- _What to do_
Write out the data again exactly, skipping every picture.

- _Data section_
=-=-=-=-=

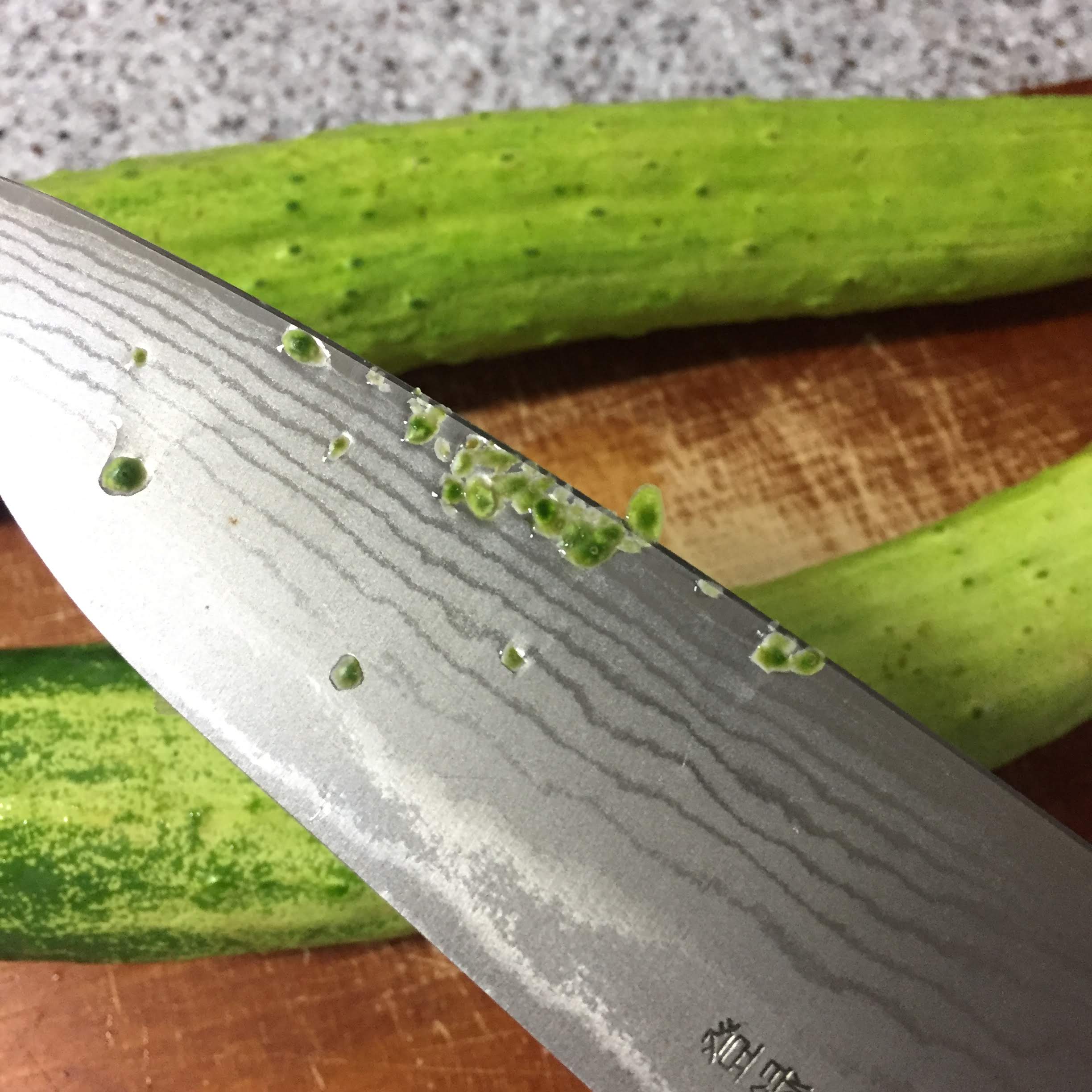 오이는 식칼로 가볍게 슥슥 긁어주면서
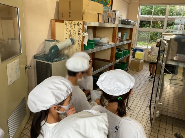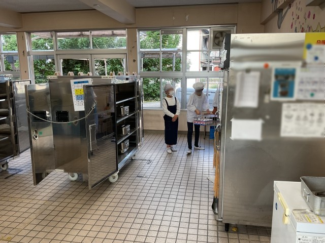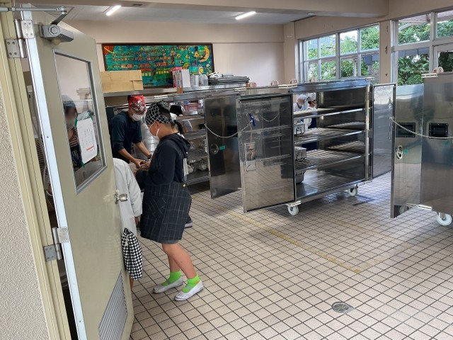 おいしい給食を配膳室にとりに行きます。配膳室では、配膳員さん、先生、給食委員会の児童がとりにきた各クラスの給食当番に食缶などを渡しています。限られたスペースの配膳室なので食缶が棚に積まれています。安全に給食当番が運べるように棚から下ろして手渡しています。
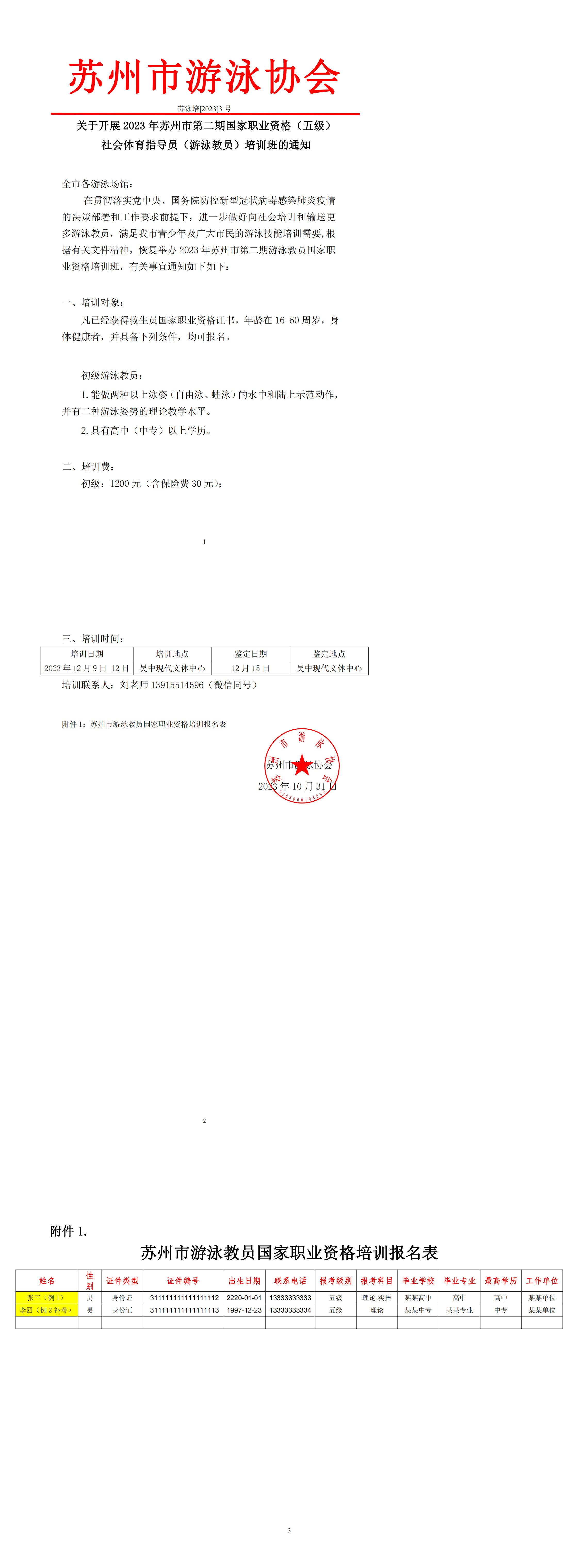 关于开展2023年苏州市第二期国家职业资格(五级)社会体育指导员(游泳教员)培训班的通知

=-=-=-=-=

- _Exercise answer_
 오이는 식칼로 가볍게 슥슥 긁어주면서
 おいしい給食を配膳室にとりに行きます。配膳室では、配膳員さん、先生、給食委員会の児童がとりにきた各クラスの給食当番に食缶などを渡しています。限られたスペースの配膳室なので食缶が棚に積まれています。安全に給食当番が運べるように棚から下ろして手渡しています。
 关于开展2023年苏州市第二期国家职业资格(五级)社会体育指导员(游泳教员)培训班的通知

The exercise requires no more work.